* [Data listing]
------------------------------------------------
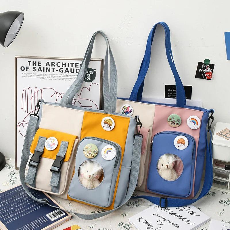 Stay stylish and organized with this clear pocket casual handbag. Ideal for students and perfect for campus style.
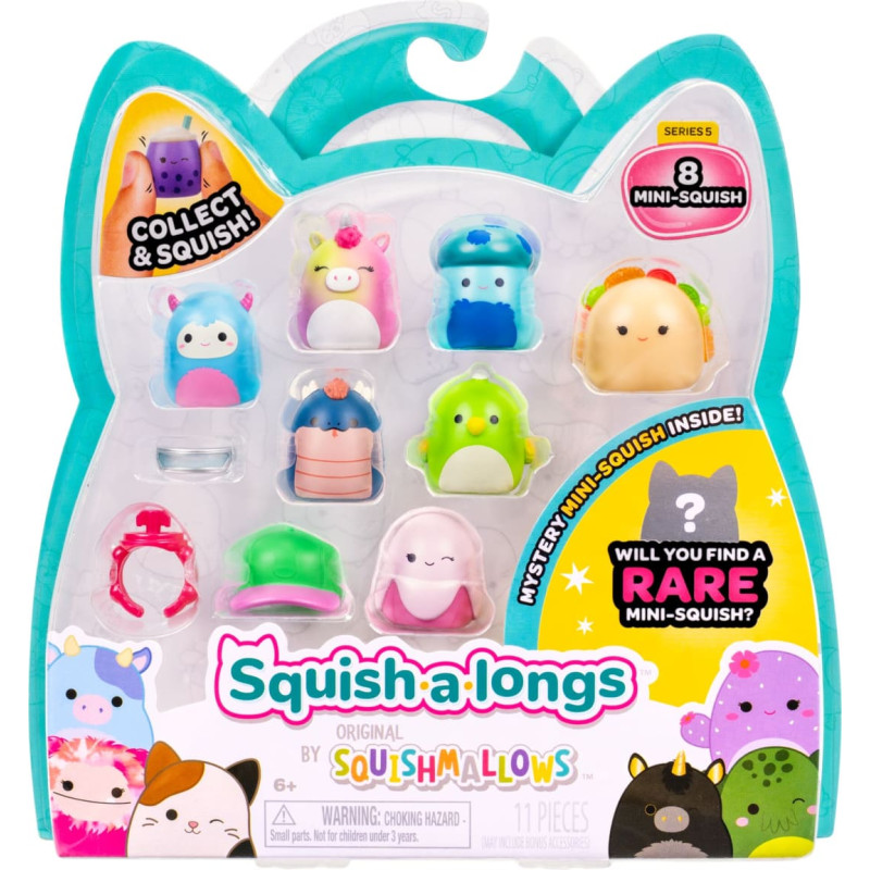 „Squish-A-Longs“ mini herojai – tai naujausi „Squishmallows“ šeimos nariai! Mieli ir maži kolekciniai gyvūnėliai pagaminti iš lengvai suspaudžiamo plastiko ir yra 2,5 cm dydžio. Iš viso kolekcijoje – daugiau kaip 140 skirtingų „Squish-A-Longs“ gyvūnėlių, kuriuos gali rinkti, demonstruoti, jais keistis su draugais ir su jais žaisti. Be to, šie mažyliai puikiai tiks pasipuošti, nes taps šauniu ir stilingu žiedeliu! Susikurk savo unikalų herojų uždėdamas jam akinius, kepures, miego kaukes ir dar daugiau originalių aksesuarų. Rinkinyje esantis kolekcionieriaus gidas leis lengviau sekti savo kolekciją!
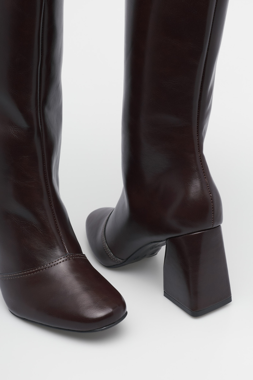 Confeccionada em napa lisa, possui cano alto que desenha a perna e zíper lateral para um calce prático. Um coringa absoluto que transita do office look ao inverno chic, perfeita para usar com saias, vestidos midi ou jeans skinny.
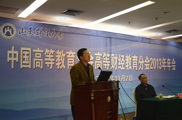 11月2日,中国高等教育学会高等财经教育分会2013年年会暨第四届高等财经教育论坛在山东财经大学举行。财政部原部长刘仲藜,高等财经教育分会理事长张玉泰,以及来自中央财经大学、西南财经大学、中南财经政法大学、东北财经大学等40余所财经高校的领导、专家学者出席大会。我校校长唐未兵、副校长杨虹、教务处处长易松芝、党政办副主任付建辉一行出席了会议。
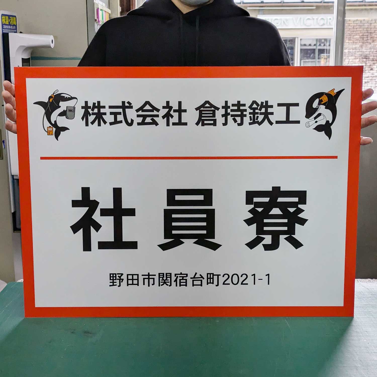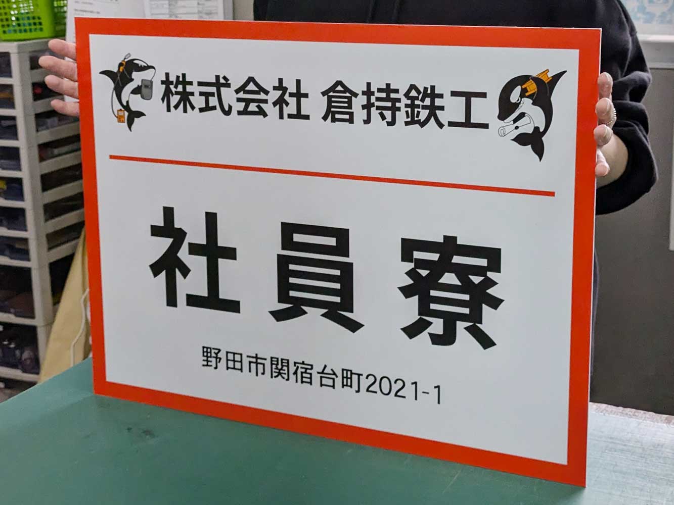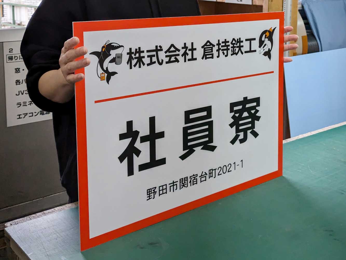 今回は会社のキャラクターをデザインした社員寮のプレート看板を導入していただきました。
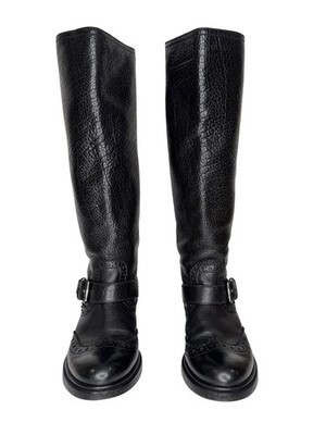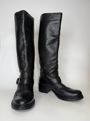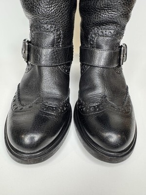 Primary image for Miu Miu Size 36,5 Riding Boots Black Pebbled Leather
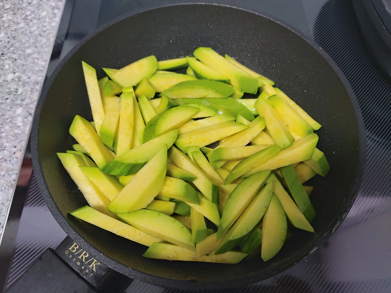 5일 차 저녁부터는 함께 요리를 했다.유튜브에서 본 식감 좋은 애호박 썰기를 시도해봤다.
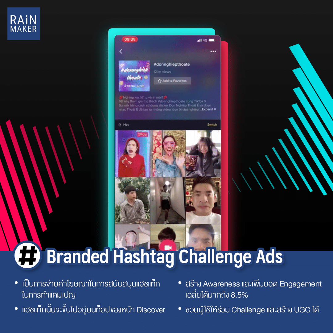 เป็นการให้การสนับสนุนแฮชแท็ก ที่จะทำให้แฮชแท็กนั้นขึ้นไปอยู่บนท็อปของหน้า Discover นับเป็นการโฆษณาอีกหนึ่งประเภทที่เรียกยอด Engagement ได้ไม่น้อย เนื่องจากคอนเทนต์ส่วนใหญ่จะเป็นแนวดึงดูด เชิญชวนให้ผู้ใช้งานมาร่วมสร้างสรรค์หรือแสดงออกถึงอะไรบางอย่างเป็นแคมเปญ และสามารถรวบรวมคอนเทนต์ UGC (User Generated Content) ไว้ในแฮชแท็กบนหน้า Challenge ได้อีกด้วย
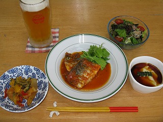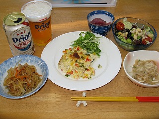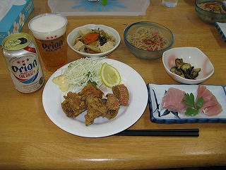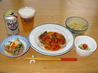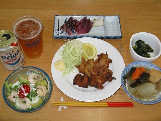 | 晩メシだ〜。 オリオンの最初のひと口は、 ダイビングをしていなかった 昨日のそれとは全く違って、 染みたねぇ〜。 |
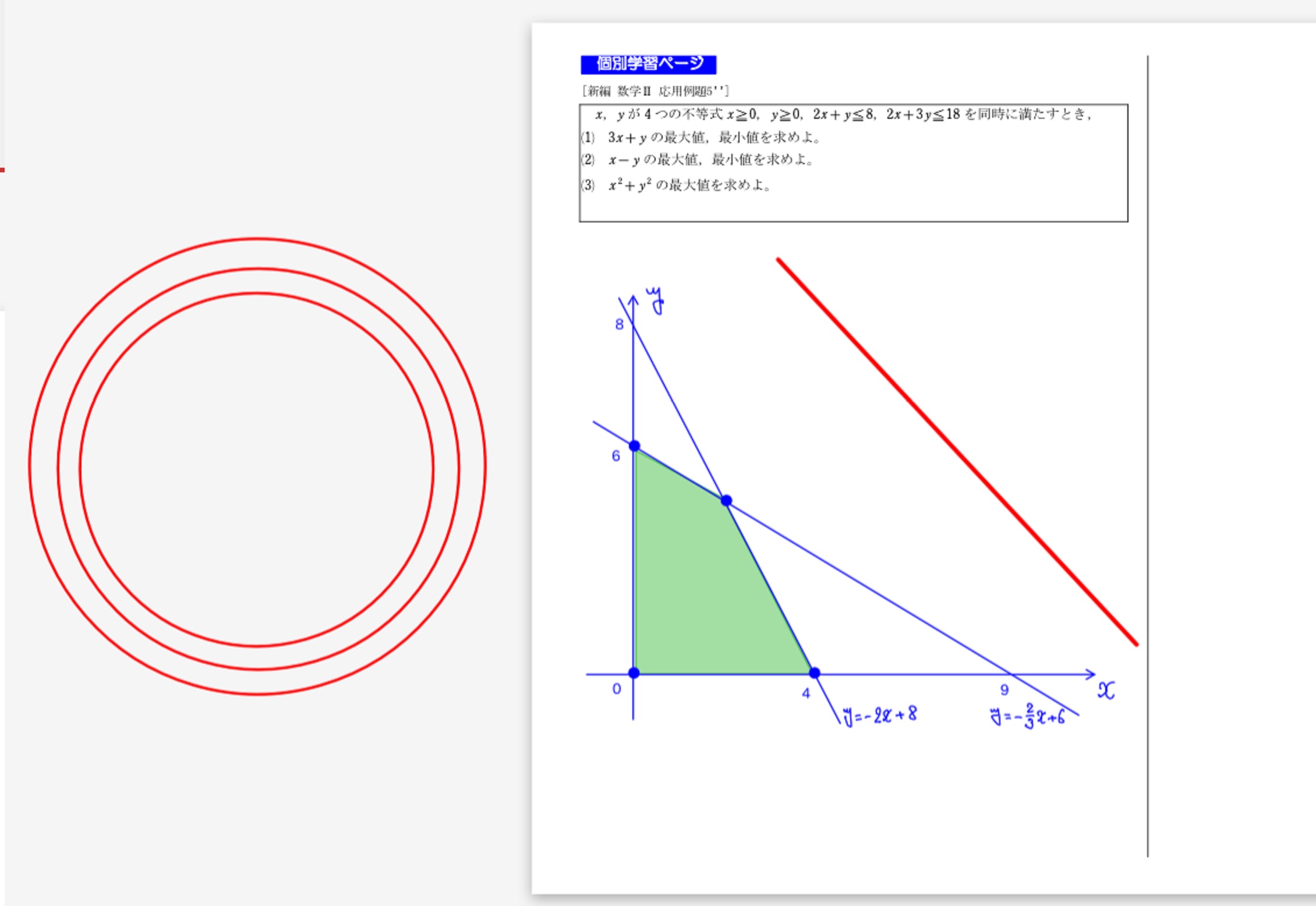 x,yが2つの不等式x≧0、y≧0、2x+y≦0、2x+3y≦18を同時に満たすとき、x+yの最大値・最小値を求めよ。
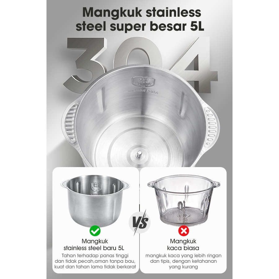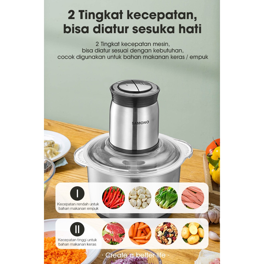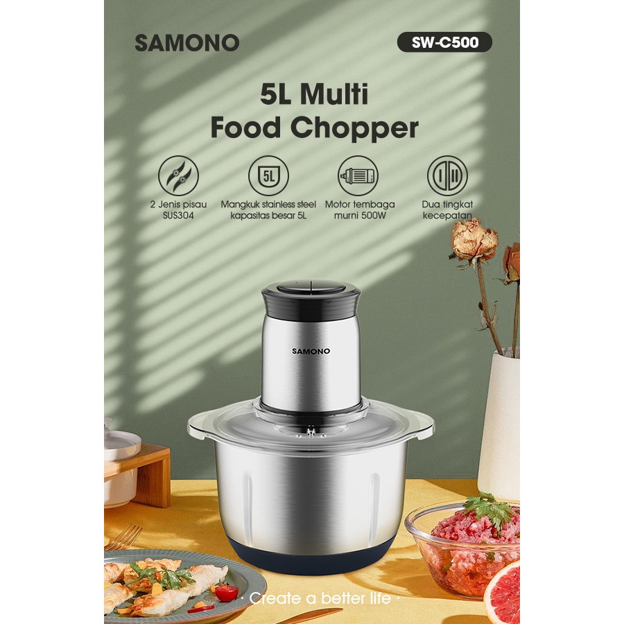 badgeSAMONO Food Chopper Stainless Steel 5 Liter | coper daging dan bumbu | chopper daging dan bumbu | samon
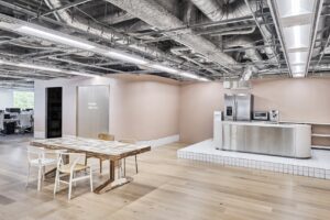 露出天井のインダストリアルな雰囲気が、クリエイティブな空間を演出します。
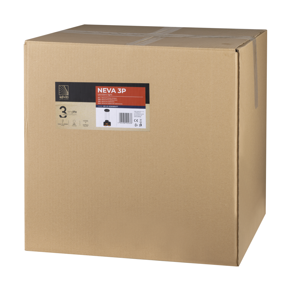 NEVA pendant lamp, max. power 3x60W, E27, black, round
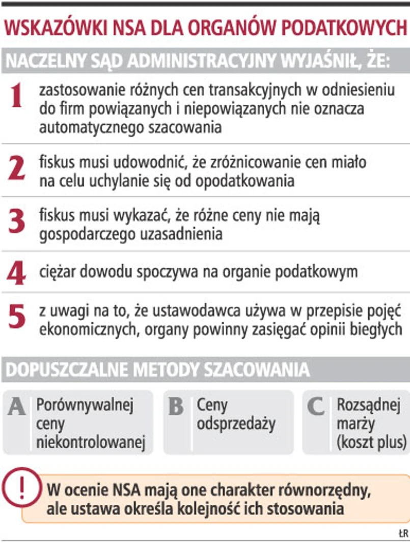 Spółki, które podpisują umowy zarówno z niezależnymi kontrahentami, jak i firmami powiązanymi, często mają problemy z fiskusem. Powodem jest zarzut, że w stosunku do należących do grupy podmiotów stosują korzystniejsze zasady rozliczeń transakcji niż w stosunku do firm obcych. Jeżeli różnice w cenach są niewielkie, najczęściej fiskus nie reaguje, mówią eksperci. Jednak gdy ceny różnią się znacznie, zaczyna się walka o oszacowanie dochodu. W takiej sytuacji organ automatycznie uznaje, że za podstawę opodatkowania można przyjąć nie to, co spółka faktycznie zarobiła, ale co mogłaby zarobić, gdyby stosowała takie same warunki dla wszystkich. W ocenie ekspertów to zła praktyka. Ostatnio potwierdził to też NSA.
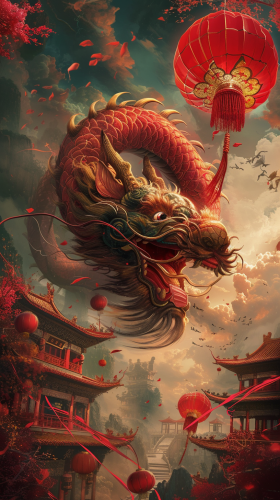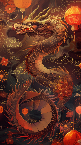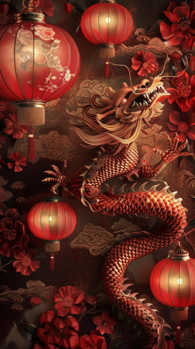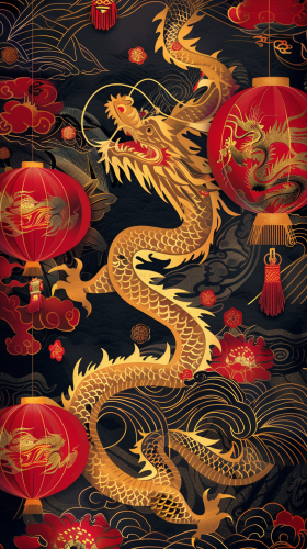 A vibrant Chinese New Year wallpaper design featuring traditional red and gold lanterns hanging gracefully, interwoven with an elegant, serpentine dragon that winds across the scene. The background is adorned with intricate Chinese patterns, including waves, clouds, and floral motifs, all rendered in rich shades of red, gold, and black. The dragon is detailed with golden scales and expressive eyes, exuding power and grace, while the lanterns softly glow, casting a warm, festive light. The entire composition exudes a sense of celebration, tradition, and prosperity --ar 9:16 --v 6.0
------------------------------------------------
Write out nothing but the lines from the start of the data through the line with "露出天井のインダストリアルな雰囲気が、クリエイティブな空間を演出します。". Leave out the pictures.

* [Solution to this exercise]
 Stay stylish and organized with this clear pocket casual handbag. Ideal for students and perfect for campus style.
 „Squish-A-Longs“ mini herojai – tai naujausi „Squishmallows“ šeimos nariai! Mieli ir maži kolekciniai gyvūnėliai pagaminti iš lengvai suspaudžiamo plastiko ir yra 2,5 cm dydžio. Iš viso kolekcijoje – daugiau kaip 140 skirtingų „Squish-A-Longs“ gyvūnėlių, kuriuos gali rinkti, demonstruoti, jais keistis su draugais ir su jais žaisti. Be to, šie mažyliai puikiai tiks pasipuošti, nes taps šauniu ir stilingu žiedeliu! Susikurk savo unikalų herojų uždėdamas jam akinius, kepures, miego kaukes ir dar daugiau originalių aksesuarų. Rinkinyje esantis kolekcionieriaus gidas leis lengviau sekti savo kolekciją!
 Confeccionada em napa lisa, possui cano alto que desenha a perna e zíper lateral para um calce prático. Um coringa absoluto que transita do office look ao inverno chic, perfeita para usar com saias, vestidos midi ou jeans skinny.
 11月2日,中国高等教育学会高等财经教育分会2013年年会暨第四届高等财经教育论坛在山东财经大学举行。财政部原部长刘仲藜,高等财经教育分会理事长张玉泰,以及来自中央财经大学、西南财经大学、中南财经政法大学、东北财经大学等40余所财经高校的领导、专家学者出席大会。我校校长唐未兵、副校长杨虹、教务处处长易松芝、党政办副主任付建辉一行出席了会议。
 今回は会社のキャラクターをデザインした社員寮のプレート看板を導入していただきました。
 Primary image for Miu Miu Size 36,5 Riding Boots Black Pebbled Leather
 5일 차 저녁부터는 함께 요리를 했다.유튜브에서 본 식감 좋은 애호박 썰기를 시도해봤다.
 เป็นการให้การสนับสนุนแฮชแท็ก ที่จะทำให้แฮชแท็กนั้นขึ้นไปอยู่บนท็อปของหน้า Discover นับเป็นการโฆษณาอีกหนึ่งประเภทที่เรียกยอด Engagement ได้ไม่น้อย เนื่องจากคอนเทนต์ส่วนใหญ่จะเป็นแนวดึงดูด เชิญชวนให้ผู้ใช้งานมาร่วมสร้างสรรค์หรือแสดงออกถึงอะไรบางอย่างเป็นแคมเปญ และสามารถรวบรวมคอนเทนต์ UGC (User Generated Content) ไว้ในแฮชแท็กบนหน้า Challenge ได้อีกด้วย
 | 晩メシだ〜。 オリオンの最初のひと口は、 ダイビングをしていなかった 昨日のそれとは全く違って、 染みたねぇ〜。 |
 x,yが2つの不等式x≧0、y≧0、2x+y≦0、2x+3y≦18を同時に満たすとき、x+yの最大値・最小値を求めよ。
 badgeSAMONO Food Chopper Stainless Steel 5 Liter | coper daging dan bumbu | chopper daging dan bumbu | samon
 露出天井のインダストリアルな雰囲気が、クリエイティブな空間を演出します。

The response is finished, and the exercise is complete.